I'm sitting at my desk, staring at my computer screen, and shaking like a leaf. I slowly move my mouse and hover over the "Go Live" button and all I can think to myself is, "Why on Earth am I about to do this?" I close my eyes, click the button, and my life was totally changed. Okay I know that sounds extremely dramatic, but I promise you it isn't! Putting myself out there on my Twitch channel has been one of the best and yet one of the hardest experiences I have ever faced. And you know what? I wouldn't have it any other way. But lets start from the beginning.
I first decided I wanted to learn how to code thanks to the loving encouragement (and at times steady push) from my husband. He is a software engineer himself, and I would watch his work/life balance and admire it. As someone who has worked in healthcare for both animals AND people, long hours and working yourself to the brink were something that was normalized. Then Covid hits. I am sitting at home, stressed and overworked, while my husband is able to pick up the pieces and still have peace of mind working from home. It was there the spark began. I always had an interest in coding, especially since the good old Myspace and Tumblr days, but also had an intense fear of failure. I was never the best at math and considered myself more of the artsy type versus the intellectual type. Any time my husband tried to explain to me what he did on a daily basis, it literally sounded like gibberish. I felt like I just wasn't smart enough to understand the complexities of the coding world, and the anxiety and self-doubt creeped in. However, over many (and I mean many) words of affirmation from my friends and loved ones, I decided why not? What do I really have to lose? If it doesn't work out I can always continue the career I had prior. I might as well take the chance now, so that way I don't have to wonder what could have been. So, it was then I decided to devote myself to learning how to code, but where in the world was I supposed to begin?
Tutorials, tutorials, tutorials. There are hundreds if not thousands of different tutorials and learning resources that you can find online for free in order to learn how to code. I have another article that I wrote previously here that goes into detail about some of my favorites. Yes, that was a shameless plug but it really is good info I promise ๐ Personally, I really heavily debated on going to a coding bootcamp. I was worried that I wouldn't be able to maintain structure and self-discipline to learn on my own but I really didn't want to have to pay as much as it costs to go to one. Then one day, as I am scrolling through Twitch, I come across a channel called LearnWithLeon. There, the instructor Leon was teaching full-stack web development online for free and by watching his videos I gained the confidence to make the decision of learning on my own. It was also through his videos that he spoke about accountability and learning in public. Now, as someone who has some pretty intense anxiety I have always had trouble in social situations. I get in my head a lot and always wonder if the other people around me are judging me, if I am stuttering too much, talking too loudly, etc. I get extreme nerves at the thought of making a phone call and start sweating like there's no tomorrow just at the prospect of a zoom call. I took a long hard look at myself and thought about the person that I want to be and decided at that moment I didn't want to live in fear anymore. So what do I do? I decide to start a Twitch channel, and document my coding journey. If I can have to courage to change my career, I felt it was time to take another big step and have the courage to really present myself to the world.
Sounds easy enough, right? Nooo way. I got all my equipment to start my streaming journey, and sat on it for a few days just totally procrastinating. I wanted to run away and hide under a rock somewhere, never to be perceived by anyone. And that has been my go to. I knew this needed to be different. It was time. I set up my stream, posted about it on Twitter so I had some accountability, and went live. I had never felt more afraid than I did that whole first stream. I was waiting for the heavy criticism. I was waiting for people to comment on my appearance, or say that I was coding incorrectly and that I wasn't cut out for this industry. Yet, the opposite happened. I got more support, words of wisdom, constructive feedback, and positive affirmations than I ever thought possible. These random strangers on the internet were taking the time out of their day to not just watch me code, but contribute to my learning.
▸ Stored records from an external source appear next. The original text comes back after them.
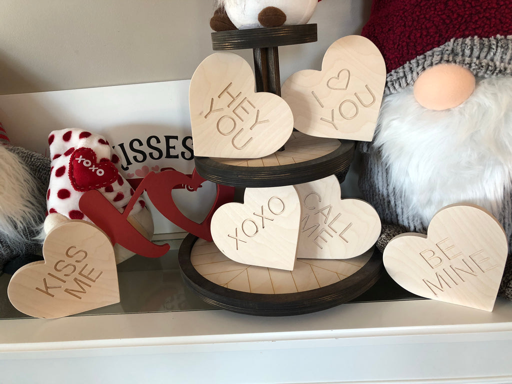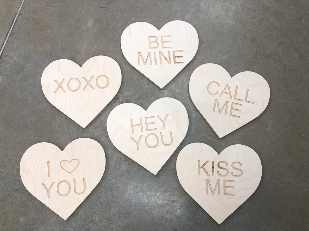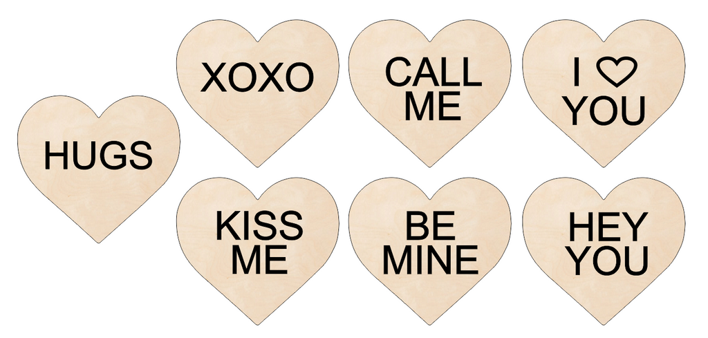 Remember these sugar filled Conversation Hearts? This is a new way to enjoy them without hurting your teeth! Super cute decorations ready for your home! Cut from 1/2" Baltic Birch Plywood or 1/2" MDF with laser cut lettering for on top!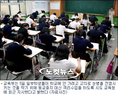 교육인적자원부(부총리 김신일)는 5일, 일부 학생들이 학교에 가지 않으려고 고의로 눈병을 전염시키는 것을 막기 위해 등교중지 대신 격리수업을 하도록 시도 교육청에 최근 지시했다고 밝혔다.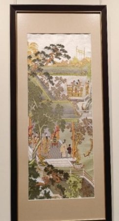 Əl ilə ipək üzərində tikilmiş Çin panoları dekorativ sənətin gözəl nümunəsi olaraq təqdim olunmuşdur. Klassik Çin bağları və zadəganların təsvir olunduğu panolarda memarlıq elementləri, şam ağacı, bambuk, alim fiqurları və saray əhli yer almışdır. Bu panolar həm dekorativ məqsədlə, həm də status simvolu kimi istifadə olunmuşdur. "Müdrik kişi" obrazı ilə işlənmiş digər bir panoda isə uzun qaşlar uzunömürlülüyü simvolizə etmişdir.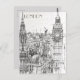 Cette carte postale de voyage, à la main dessinée à la façon d'un croquis, offre une vue sur les toits de Londres.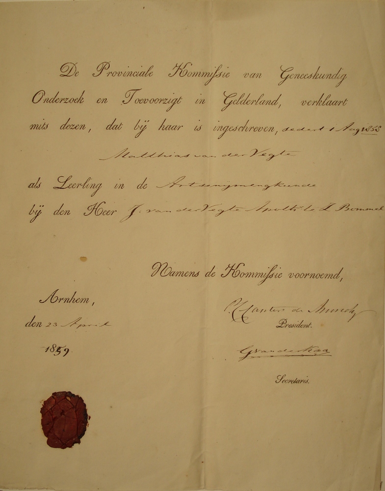 Getuigschrift Geld.Mij. van Landbouw voor F.W. de Vi...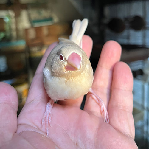 今年は文鳥ヒナの足が遅いです。夏が長かったせいか、やっと卵を抱き始めています。そんな中1羽だけ分けてもらった、クリーム文鳥とってもいい子です。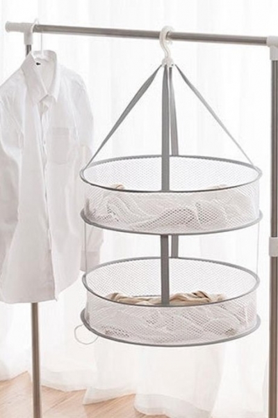 Почему пригодится: Часто в рекомендациях по уходу за шерстяными вещами и трикотажем есть указание сушить в горизонтальном положении. Со специальной подвесной сетчатой полкой у вас отпадет вопрос, где разложить выстиранный свитер или кардиган. Продавец предлагает разноуровневые сушилки.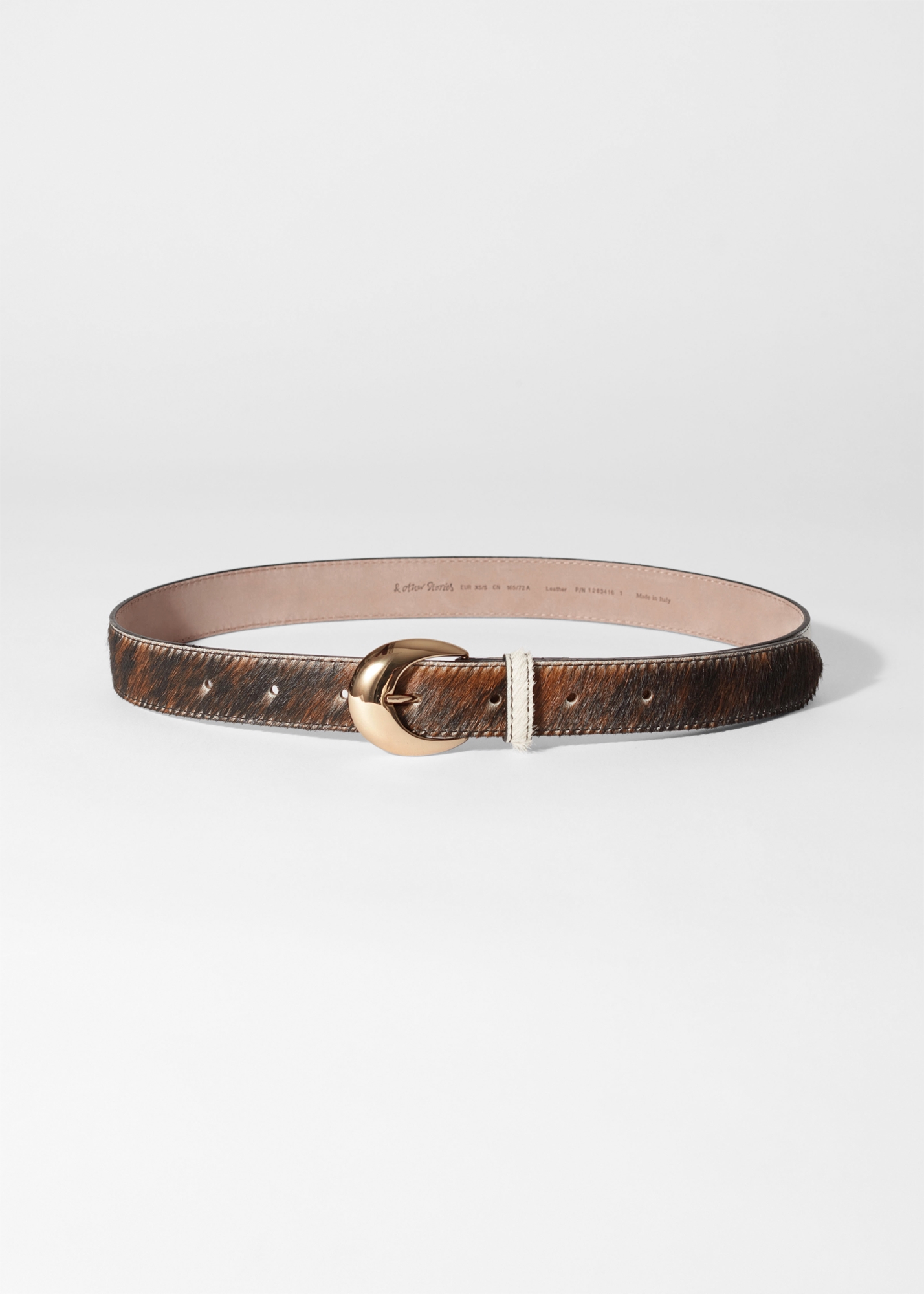 Этот ремень - шикарный и тонкий способ включить в свой наряд возрождающуюся тенденцию коровьего принта. Он изготовлен в Италии из тактильной ворсистой кожи и застегивается на пряжку золотого цвета, чтобы регулировать посадку. Ширина: 3 см / 1,2"

Learning to code is not easy, its been a tedious journey, and I still have a long way to go, but all the people who have appeared in that chat and have supported me have made it totally worth it. There have been a few times where I have felt on the brink of quitting, yet they are there with support and encouragement to help me through. Having that sense of community that has been cultivated through my Twitch channel and my Twitter has really helped me grow as a person. Now, don't get me wrong anxiety isn't black and white. I still get anxious from time to time, and that's just something I have to live with. But the amount that it has lessened due to me persevering and continuing to put myself out there truly is life changing. I no longer feel deathly afraid of talking with other people, and that allows me to connect with others in ways I never thought I could before. I am the me that I always knew I was, and now the world can finally see it too. All thanks to coding on Twitch~!